Sebenarnya aku agak khawatir, apakah bisa kami berangkat? Si Tata pusing-pusing sejak sepekan lalu. Tepat hari Senin usai ujian semester, ia merasa pusing dan ujung-ujungnya muntah-muntah. Aku sangat khawatir. Ia hanya bisa tidur telentang. Bergerak sedikit, ia mengaku kepalanya pusing. Makan apapun, nanti bisa keluar lagi. Kasian...
Seminggu ia tidakmasuk sekolah. Beruntung ujian semester sudah selesai dan tak ada remedial.  Praktis, menjelang penerimaan rapor, ia tidur saja di rumah.  Setelah menerima rapor pun, kondisinya sering bolak-balik, kadang baik, kadang tidak.  Karena tidak pergi kemana-mana itulah, aku menjalani puasa sunnah sejak Senin, tepat saat anak-anak libur sekolah.
Pagi itu, dia lebih memilih tidak liburan kemana-mana, karena sakitnya. Kami lalu membawanya ke sinse yang kami kenal. Siapa tahu dengan pijatan sinse, kondisi Tata bisa membaik. Kami pergi bertiga pakai motorku. Dia berdiri di depan dengan lemas.
Sementara itu Lira di rumah menyiapkan barang-barang yang akan dibawa pulang  kampung. Ya, semoga saja kondisi Tata tak parah, sehingga kami bisa pergi liburan. Soalnya aku juga tidak masuk kantor. Aku libur sejak Kamis hingga Minggu besok.
Sayang, sinse yang kami maksud, tidak buka hari itu. Apa merayakan Natal juga ya? Akhirnya, kami pergi saja ke tukang urut langganan dekat rumah. Harus menunggu lebih dari setengah jam karena ada pasien lain. Begitu tiba gilirannya, si ibu bilang memang ada urat di punggung yang agak sedikit melenceng. Tata diurut seperti biasa.
Alhamdulillah, setelah diurut, dia merasa lebih baik. Lalu diputuskan, kami jadi pulang kampung. Horee! Hingga detik terakhir, tidak ada kabar dari beberapa orang -teman si Lira  yang ingin ikut dengan kami.  Ya sudah, kami pergi berempat saja.
Koper-koper dimasukkan ke  dalam  mobil. Tas, ransel, dan juga seperangkat komputer, alat kerjaku. Laptop kami sudah jadul bingits, baterainya tidak bisa dipakai lagi. Jadi kalau mau menggunakan laptop, harus dicolokin terus ke listrik. Mending PC aja sekalian. Sudah familiar dengan jari jemariku.
Kami berangkat dari rumah sekitar pukul sepuluh pagi dengan dua penumpang di jok belakang. Yang satu sudah gaya abis dengan jaket musim dinginnya yang keren, sementara yang satu lagi memeluk boneka  dengan wajah pucat.  Teman setia perjalanannya adalah... gayung. Buat jaga-jaga kalau ada yang muncrat tak terkendali.
“Kita nanti makan siang di Rumah Makan Pangek Situjuah di Payakumbuah,” aku memberi instruksi.
“Tata kalau gak muntah nanti dikasi ikan bakar. Kalau muntah, batal ya!”

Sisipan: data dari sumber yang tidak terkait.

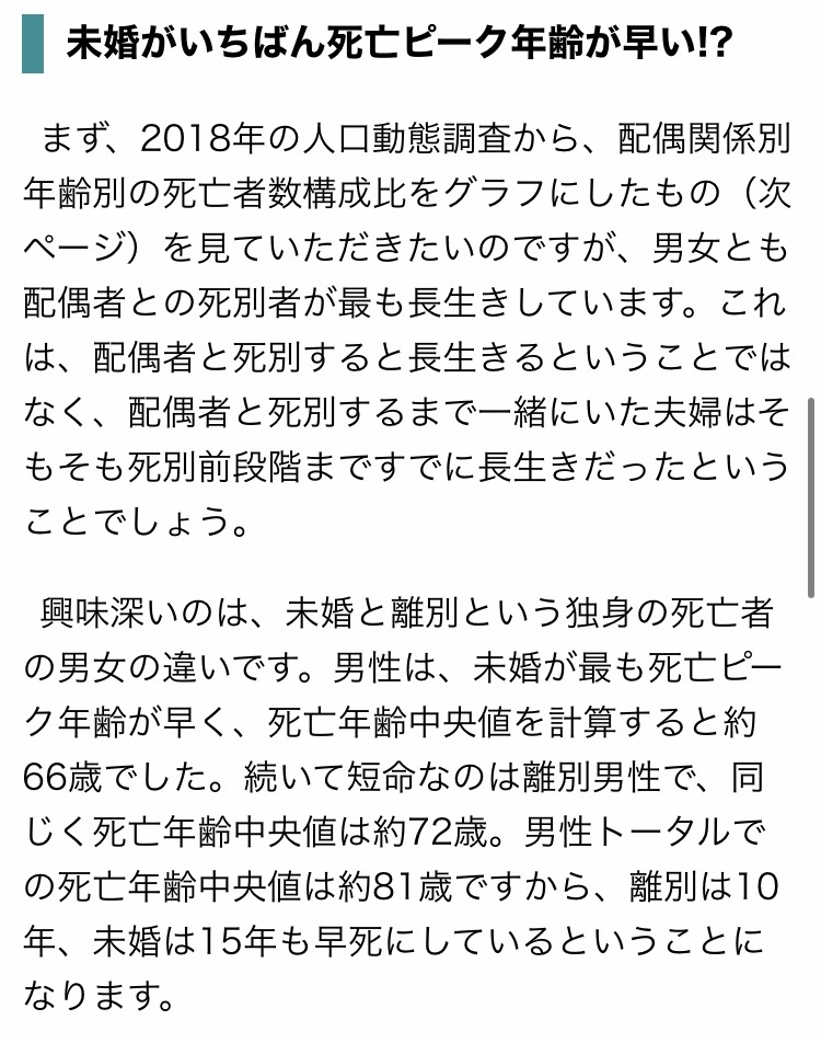 【悲報】独身男性の平均寿命が若すぎると話題に・・・

Susah payahlah anak itu menahan mual di perutnya. Tak lama setelah memasuki wilayah Sumbar, muncrat juga apa yang kami khawatirkan. Hampir seluruh wajahnya kecipratan. Sejak pagi ia tidak makan, jadi yang keluar hanya air teh saja. Tapi yang namanya muntah, ah.. tak usah dibahaslah!
Kami menepi dan membereskan baju dan jilbab syar’inya yang belepotan. Entah kemana perginya gayung tadi. Dia bersalin pakaian dengan baju rumah yang aku ambil dari dalam koper di bagian belakang mobil.
Biasanya setelah muntah, Tata jadi lebih segar. Tapi kali ini tidak demikian. Ia merasa masih pusing. Ia tertidur lemas di jok belakang.



Berhenti di Kelok Sembilan hanya untuk mengambil foto inih.

Kami merapat di Rumah Makan Pangek Situjuah yang menawan. Rumah makan itu dibangun di atas kolam-kolam ikan dan di hadapannya terhampar pemandangan sawah-sawah dan gunung. Sungguh memesona. Tata langsung segar. Nasi sepiring dengan ikan bakar kesukaannya, tandas. Ia dan Lira asik memberi makan ikan  yang rakus-rakus bingit menunggu lemparan apa saja dari atas dangau.
Seperti rumah makan padang pada umumnya, nasi dihidangkan dalam mangkuk berukuran sedang dan lauk aneka rupa dihidangkan dalam porsi kecil hiingga memenuhi meja. Ada ikan dan ayam bakar, dendeng, gulai kambing, dan lain sebagainya. Kami makan berempat ditambah teh panas hanya kena Rp110.000. Catat ya,  hanya Rp110.000 dengan nasi satu mangkuk yang cukup buat berempat. Masih sisa buat ikan juga.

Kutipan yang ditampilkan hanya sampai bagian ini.